Atatürk’ün Bandırma’ya gelişinin 88. Yıldönümü, Bandırma İskelesi ve Cumhuriyet Meydanında düzenlenen çeşitli etkinliklerle coşkuyla kutlandı.

İlk olarak Bandırma İskelesinde başlayan törende Atatürk’ün Bandırma’ya gelişi temisili olarak gerçekleştirildi. Ardından saat 13.15’de Cumhuriyet Meydanındaki Atatürk Anıtına çelenk konulmasıyla devam eden törende İstiklal Marşı ve saygı duruşu yapıldı.

Etkinliklerde son olarak Belediye Başkanı Sedat Pekel tarafından günün anlam ve önemini belirten bir konuşma gerçekleştirildi.

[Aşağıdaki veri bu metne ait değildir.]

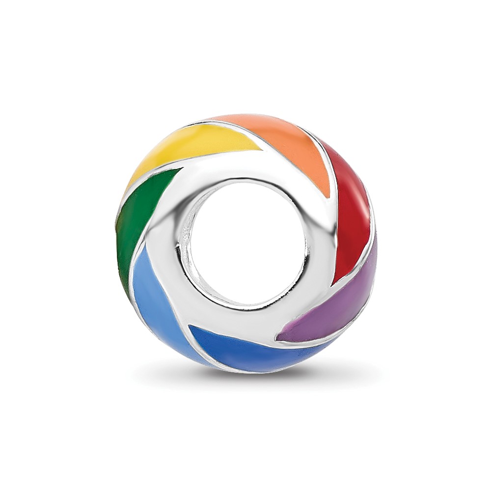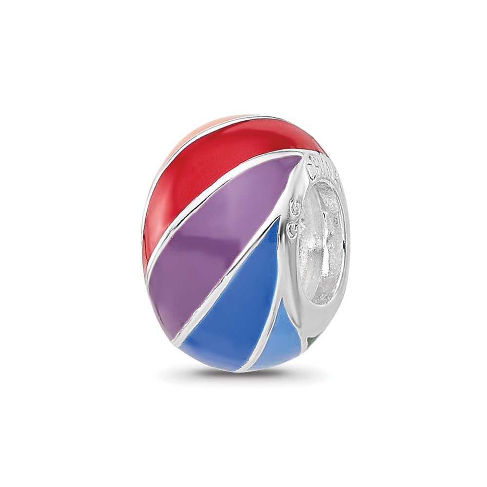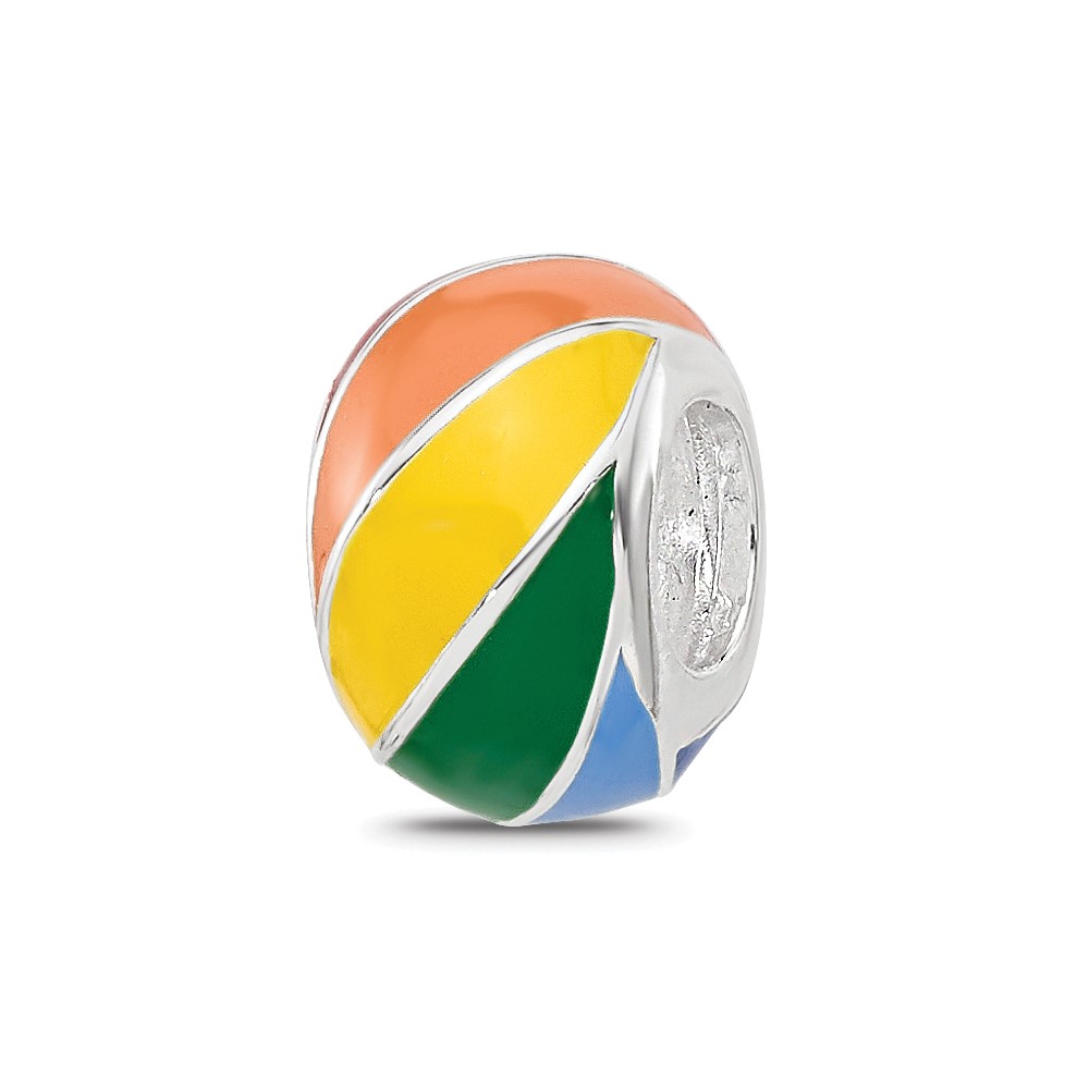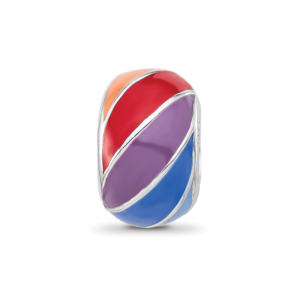 Sterling Silver Reflections RH-plated Rainbow Enamel Round Bead
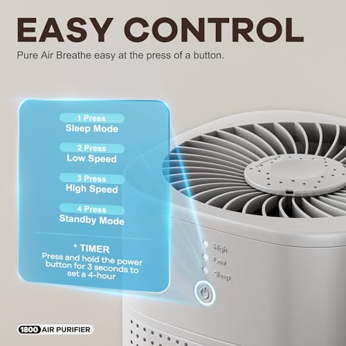 Ein-Knopf-Bedienung: Dieser tragbare luftreiniger für Raucherzimmer – perfekt auch für Schlafzimmer – zeichnet sich durch einfache Bedienung, Effektivität und Praktikabilität aus. Die praktische Ein-Knopf-Bedienungsfunktion ermöglicht das mühelose Umschalten zwischen drei Geschwindigkeitsstufen und dem Timer-Modus. Halten Sie den Knopf drei Sekunden lang gedrückt, um für diesen luftreiniger für Raucherzimmer einen 4-Stunden-Timer einzustellen
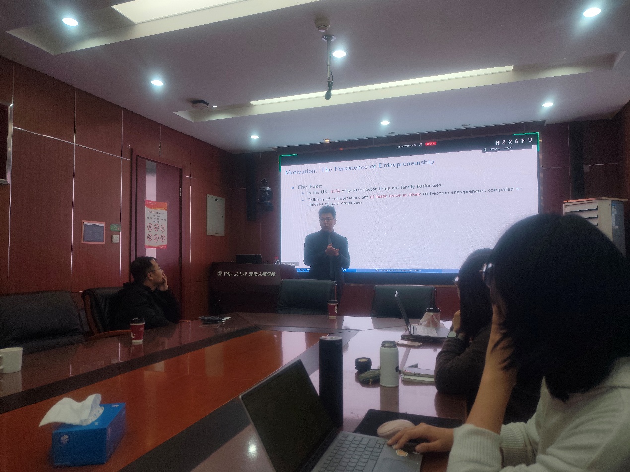 2025年12月4日上午,由劳动人事学院主办,劳动经济系和中国就业研究所承办的“劳动经济学双周论坛”第227期讲座在求是楼347会议室成功举办。来自剑桥大学的章维龙副教授分享了主题为“Genetics and Entrepreneurship: An Intergenerational Study”的研究。本次论坛由劳动人事学院刘相波教授主持,劳动人事学院赵丽秋教授、邹先强副教授、陈泽阳讲师以及其他校内外师生参与了此次讲座。
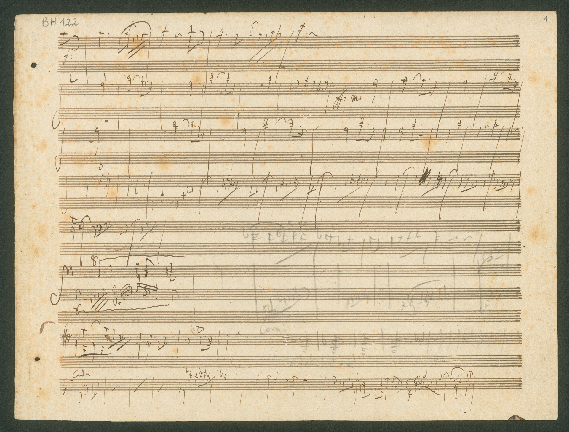 Ludwig van Beethoven, Skizzenblatt zur Sinfonie Nr. 8 op. 93, 1. Satz, Autograph
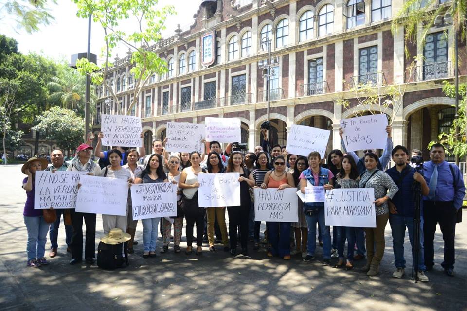 Con pancartas y al grito de “Justicia para Miroslava”, “No más periodistas asesinados”, los reporteros protestaron en la Plaza de Armas en Cuernavaca, para exigir un freno a la ola de violencia y al asesinato de periodistas, porque la democracia en este país está en juego.
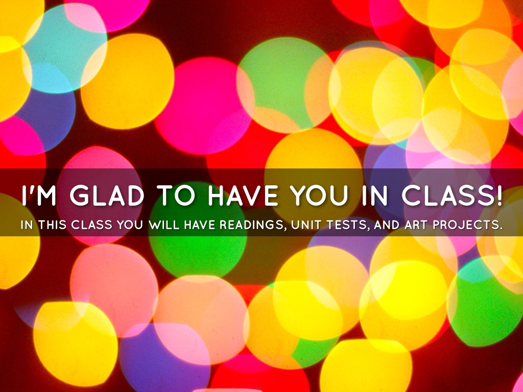IN THIS CLASS YOU WILL HAVE READINGS, UNIT TESTS, AND ART PROJECTS.

Pekel konuşmasında şunları söyledi;

 

Sevgisiyle tüm gönüllerimizi kaplayan, hiçbir zaman unutmayacağımız ve unutturmayacağımız çok özel bir konuğu büyük önder ATATÜRK’ü kentlerinde konuk etme gururunu yeniden yaşan sevgili Bandırmalılar, çok değerli hemşehrilerim.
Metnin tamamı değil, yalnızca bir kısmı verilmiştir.